Figure 20 shows the influence of oblique stiffeners on the nonlinear dynamic buckling behaviour of the PSC. The stiffeners advantageously enhance the buckling load and structural stiffness. The greatest improvement is observed with the nickel stiffener material compared with the other selected composites. Under biaxial velocity impact loading schemes, the axial compressive displacement is proportional to time. Thus, Fig. 20b can be recognized as the load-axial displacement curve. To maintain the same compression displacement, the axial stress \(p_{x}\) of the stiffened PSC is much higher than that of the unreinforced plate, which results in an increase in the buckling load and advance of the buckling time, as illustrated in Fig. 20b.

Fig. 20

The nonlinear dynamic biaxial buckling of the PSC with various stiffener materials

The effect of the stiffener angles on the nonlinear dynamic buckling characteristics of the stiffened PSC is reported in Fig. 21. The peaks of buckling load along the x- and y-axes are captured at the stiffener angles of \((\theta_{x} ,\theta_{y} ) = (0,0)\) and \((\theta_{x} ,\theta_{y} ) = \left( {\frac{\pi }{2},\frac{\pi }{2}} \right)\). For the present biaxial loading regimes with fixed impact speeds \((\alpha_{v} = 0.5)\), the dominant compression is anticipated in the x direction. As a result, a higher compressive force accelerates the onset time of buckling and the longest buckling time is obtained at the stiffener angle of \((\theta_{x} ,\theta_{y} ) = \left( {\frac{\pi }{2},\frac{\pi }{2}} \right)\).

Fig. 21

The nonlinear biaxial buckling of the stiffened PSC with various stiffener angles

4.4 Influence of the active layer thickness on mechanical performance

Since the active layer chiefly mediates the photovoltaic performance of the PSC, much attention has been devoted to unveiling the influence of its thickness on efficiency and consequent alterations for PCE optimization. From the aforementioned discussion, the operating performance of the PSC depends strongly on its mechanical attributes and dynamic behaviour. Unfortunately, investigations of the influence on the mechanical behaviour have been rare. Hence, the detailed effects of active layer thickness on mechanical characteristics and device disbursement are revealed in this subsection in connection with the PCE.

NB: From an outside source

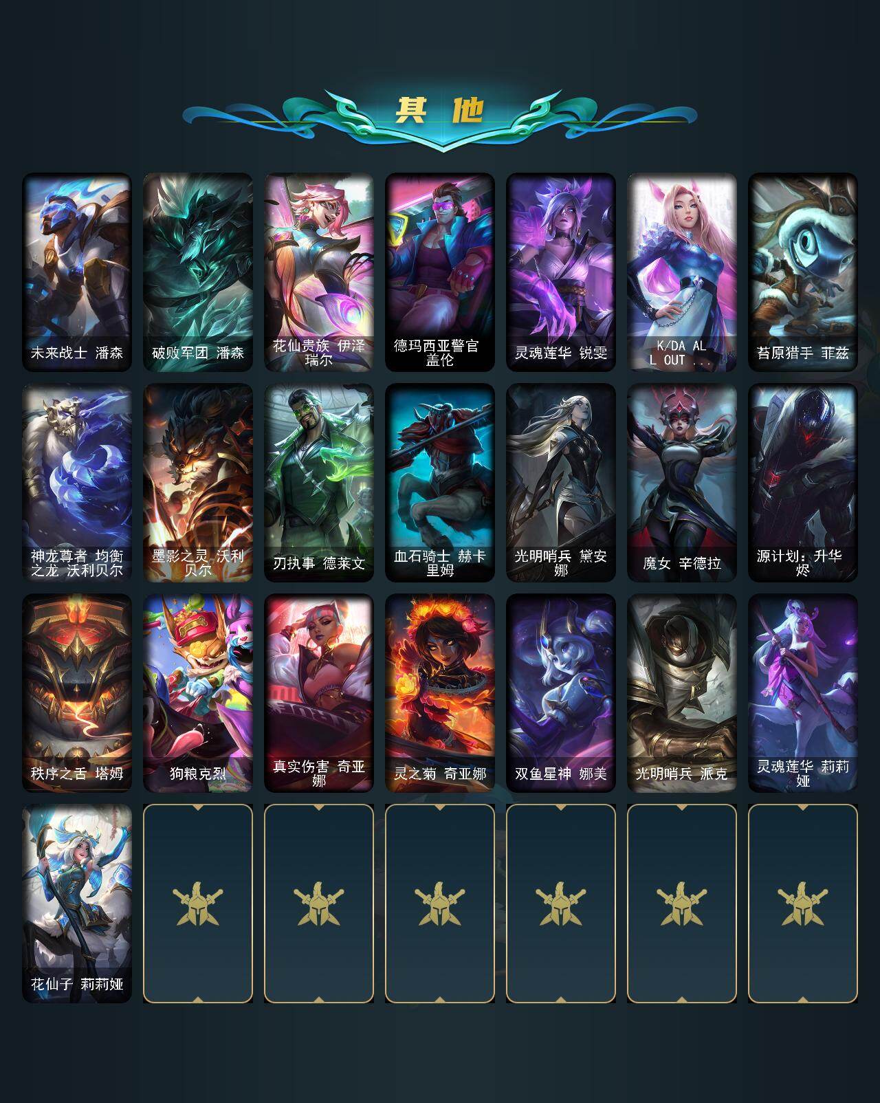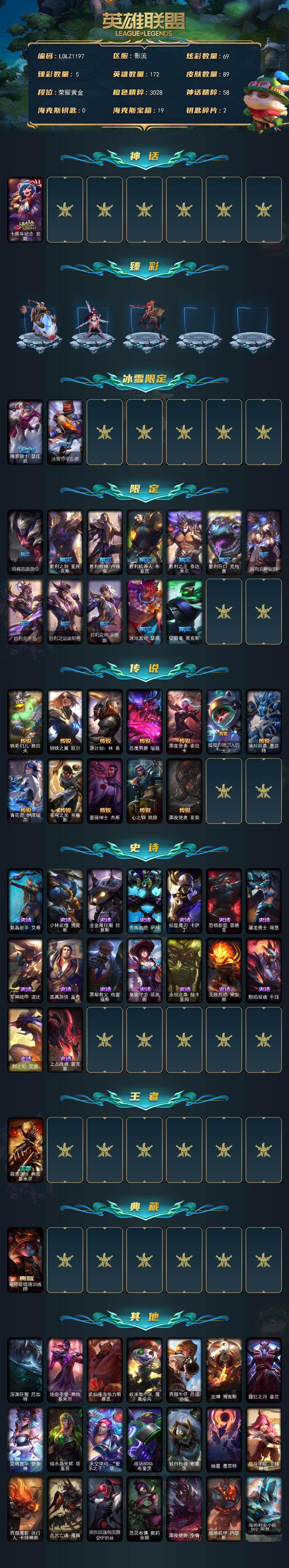 【lolz1197】172英雄/89皮肤/1神话/15限定/5臻彩/69炫彩/12传说/16史诗/黄金/十周年纪念安妮/无畏骑士瑟庄妮赤子初心/玉剑传说舞剑仙承影/黎明使者锐雯黑夜使者/星之守护者阿卡丽热情之光/霸天异形卡兹克黄金异端/魄罗骑士瑟庄妮/冰雪节辛吉德/暗裔英雄盖伦/胜利之剑亚托克斯/胜利呛神卢锡安/胜利机器人布里茨/胜利之王泰达米尔/胜利巨口克格莫/胜利女神娑娜/胜利剑圣易/胜利之运崔斯特/胜利女神菲奥娜/泳池派对瑟提/征服者贾克斯/铁哥们儿奥拉夫/钢铁之翼凯尔/源计划林易/恶魔男爵瑞兹/黑夜使者索拉卡/提莫约德尔人的一大步/冰川巨兽墨菲特/青花瓷伊泽瑞尔/苍穹之光韦鲁斯/蔷薇绅士杰斯/心之钢凯隐/黑夜使者亚索/紫晶射手艾希/少林武僧贾克斯/全金属狂潮拉莫斯/贵族血统萨科/掠星魔刃卡萨丁/恐惧新星普朗克/屠龙勇士薇恩/军神战甲波比/孤高游侠盖伦/黑帮教父格雷福斯/皇家守卫菲奥娜/永恒之森赫卡里姆/无限烈焰黛安娜/黯焰双魂千珏/时之砂艾克/上古战魂雷克塞/霹雳游侠弗拉基米尔/宗师级锻造训练师/深渊巨蟹厄加特/绝息圣堂弗拉基米尔/武仙座海格力斯赛恩/欧米伽小队魔鬼伞兵/西部牛仔厄运小姐/武神贾克斯/腥红之月基兰/灵魂莲华伊芙琳/绿水晶光辉塔里克/太空律动爱乐之子塔里克/战场boss布里茨/银白呛骑布里茨/暗星墨菲特/战斗学院卡特琳娜/西部魔影执行人卡特琳娜/恶咒亡魂魔腾/黑色玫瑰假面舞会伊莉丝/恶灵布偶奥莉安娜/黑夜使者李青/战地机甲内瑟斯/海珀利安小队s02阿努比斯内瑟斯/未来战士潘森/破败军团潘森/花仙贵族伊泽瑞尔/德玛西亚警官盖伦/灵魂莲华锐雯/kdaallout阿狸/苔原猎手菲兹/神龙尊者均衡之龙沃利贝尔/墨影之灵沃利贝尔/刃执事德莱文/血石骑士赫卡里姆/光明哨兵黛安娜/魔女辛德拉/源计划升华烬/秩序之舌塔姆/狗粮克烈/真实伤害奇亚娜/灵之菊奇亚娜/双鱼星神娜美/光明哨兵派克/灵魂莲华莉莉娅/花仙子莉莉娅

Considering the work in [54], an experimental PSC with 14.05% efficiency is built, and the optimal PCE is predicted. The PSC parameters are the same as those in Sect. 4 except for the thicknesses of the perovskite and mesoporous layers. These two active layers are the most crucial parts for the efficiency of the whole device because the majority of electron generation and recombination takes place in these layers. In this study, the thickness of the perovskite layer is varied first, while the thickness of the mesoporous layer remains consistent, and vice versa. For the sake of comparison, the following non-dimensional thicknesses of the perovskite and mesoporous layer are introduced, which represent the thickness ratio between the active layer and the experimental PSC.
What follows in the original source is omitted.